====== DATA FOR THE TASK ======
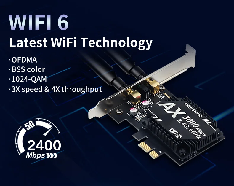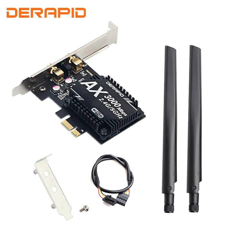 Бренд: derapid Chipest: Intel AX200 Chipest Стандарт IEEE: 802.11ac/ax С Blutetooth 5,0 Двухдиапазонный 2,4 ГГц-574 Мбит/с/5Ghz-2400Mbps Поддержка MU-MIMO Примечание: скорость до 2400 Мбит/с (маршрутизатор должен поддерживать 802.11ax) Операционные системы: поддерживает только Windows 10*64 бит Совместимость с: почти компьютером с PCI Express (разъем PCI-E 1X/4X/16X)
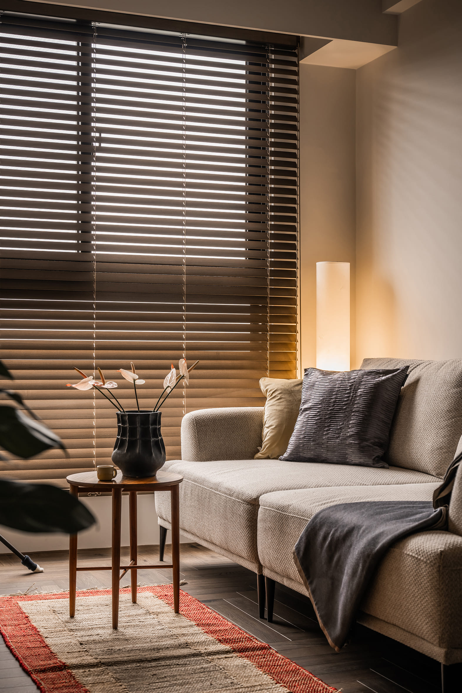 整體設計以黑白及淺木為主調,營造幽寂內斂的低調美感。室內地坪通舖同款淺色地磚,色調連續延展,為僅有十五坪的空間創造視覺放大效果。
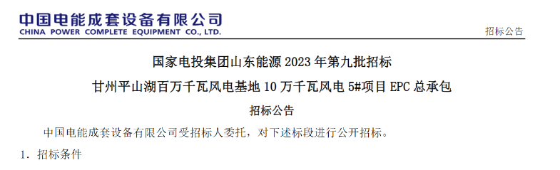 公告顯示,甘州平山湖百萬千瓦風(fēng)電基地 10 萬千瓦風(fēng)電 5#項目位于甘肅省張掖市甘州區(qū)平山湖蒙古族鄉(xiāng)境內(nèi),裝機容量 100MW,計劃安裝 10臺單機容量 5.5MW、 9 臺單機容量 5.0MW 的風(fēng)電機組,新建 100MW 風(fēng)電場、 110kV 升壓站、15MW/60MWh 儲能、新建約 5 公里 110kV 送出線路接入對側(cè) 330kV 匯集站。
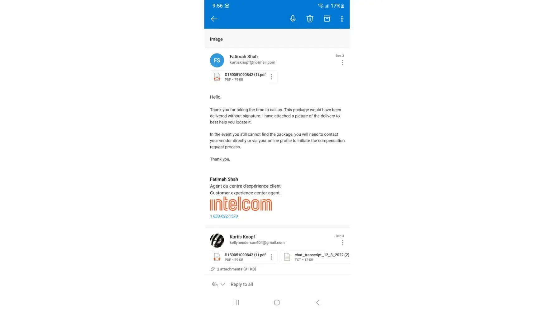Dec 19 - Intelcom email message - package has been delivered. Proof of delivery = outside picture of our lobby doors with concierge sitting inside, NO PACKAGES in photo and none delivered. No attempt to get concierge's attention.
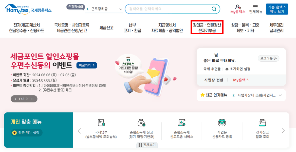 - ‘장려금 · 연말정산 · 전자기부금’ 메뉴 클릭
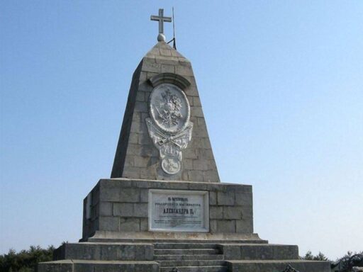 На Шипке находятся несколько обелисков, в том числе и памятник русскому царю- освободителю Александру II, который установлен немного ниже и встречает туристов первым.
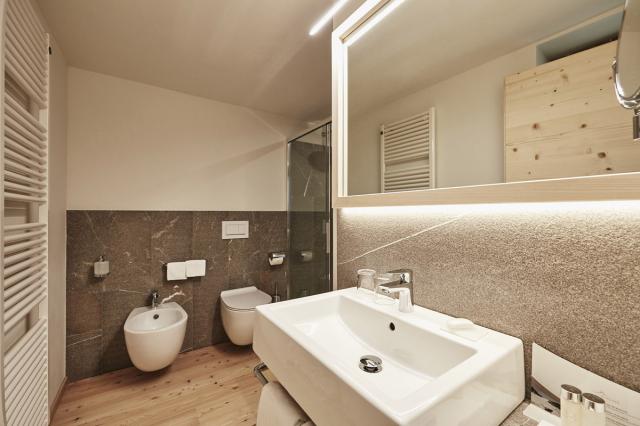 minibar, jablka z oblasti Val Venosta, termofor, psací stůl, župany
======
====== DATA FOR THE TASK ======
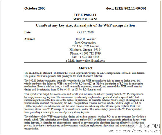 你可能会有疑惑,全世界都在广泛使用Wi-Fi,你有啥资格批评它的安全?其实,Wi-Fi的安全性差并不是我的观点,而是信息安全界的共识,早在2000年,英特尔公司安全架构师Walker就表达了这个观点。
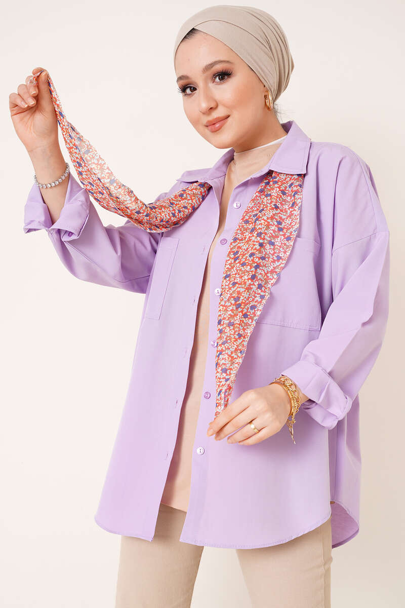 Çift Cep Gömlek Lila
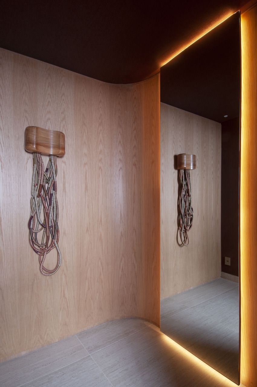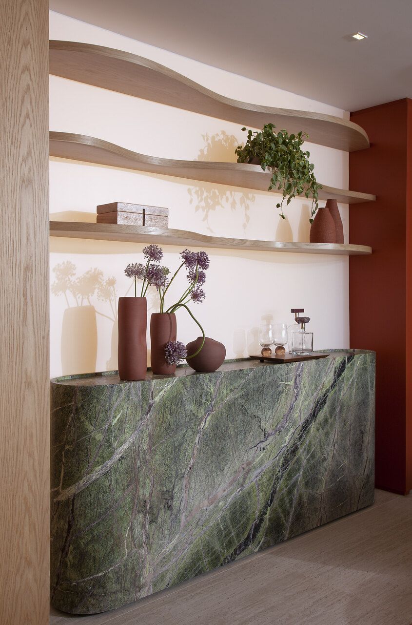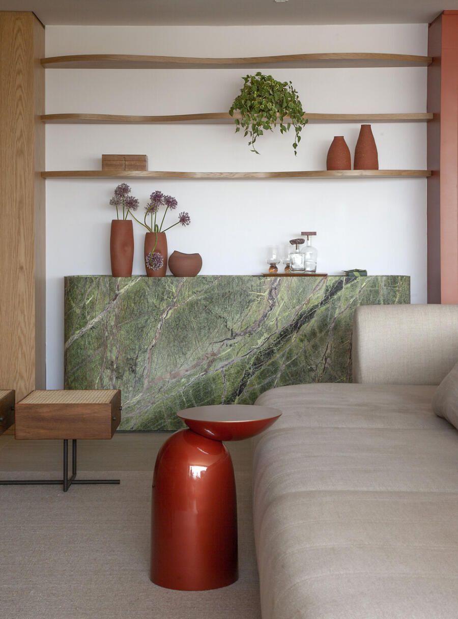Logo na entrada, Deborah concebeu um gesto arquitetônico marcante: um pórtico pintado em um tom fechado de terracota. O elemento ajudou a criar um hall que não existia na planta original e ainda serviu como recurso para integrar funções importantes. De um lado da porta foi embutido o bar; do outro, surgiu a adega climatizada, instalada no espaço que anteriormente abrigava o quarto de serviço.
======
====== DATA FOR THE TASK ======
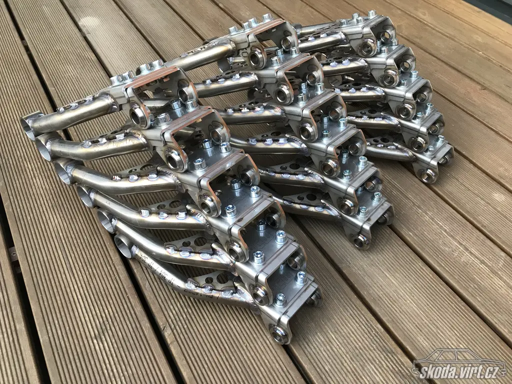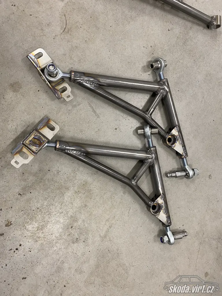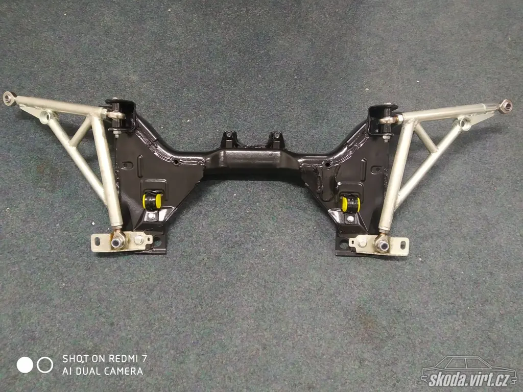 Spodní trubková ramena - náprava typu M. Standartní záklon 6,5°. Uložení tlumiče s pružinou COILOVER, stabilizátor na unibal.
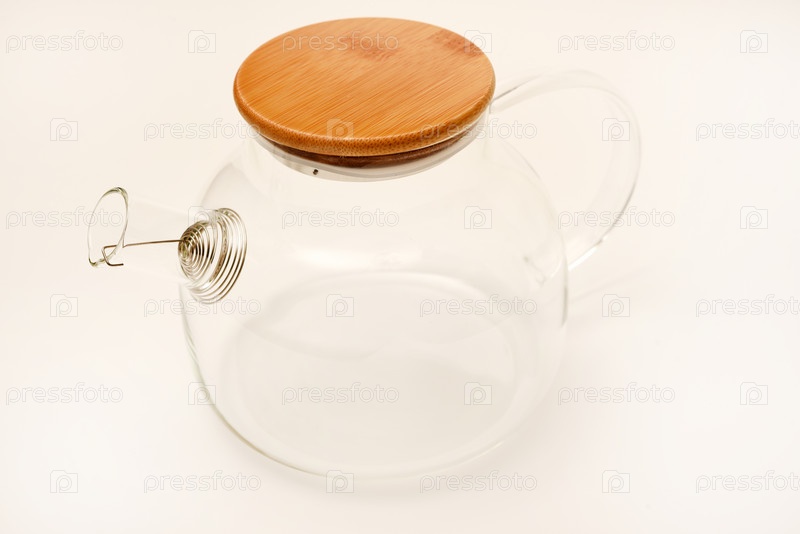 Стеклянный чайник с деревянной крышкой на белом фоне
======
• _DESCRIPTION OF THE TASK_
Restate word for word every line from the one with "На Шипке находятся" up to and including the one with "minibar, jablka z" in the records above, minus the pictures.

• _FINAL ANSWER_
 На Шипке находятся несколько обелисков, в том числе и памятник русскому царю- освободителю Александру II, который установлен немного ниже и встречает туристов первым.
 minibar, jablka z oblasti Val Venosta, termofor, psací stůl, župany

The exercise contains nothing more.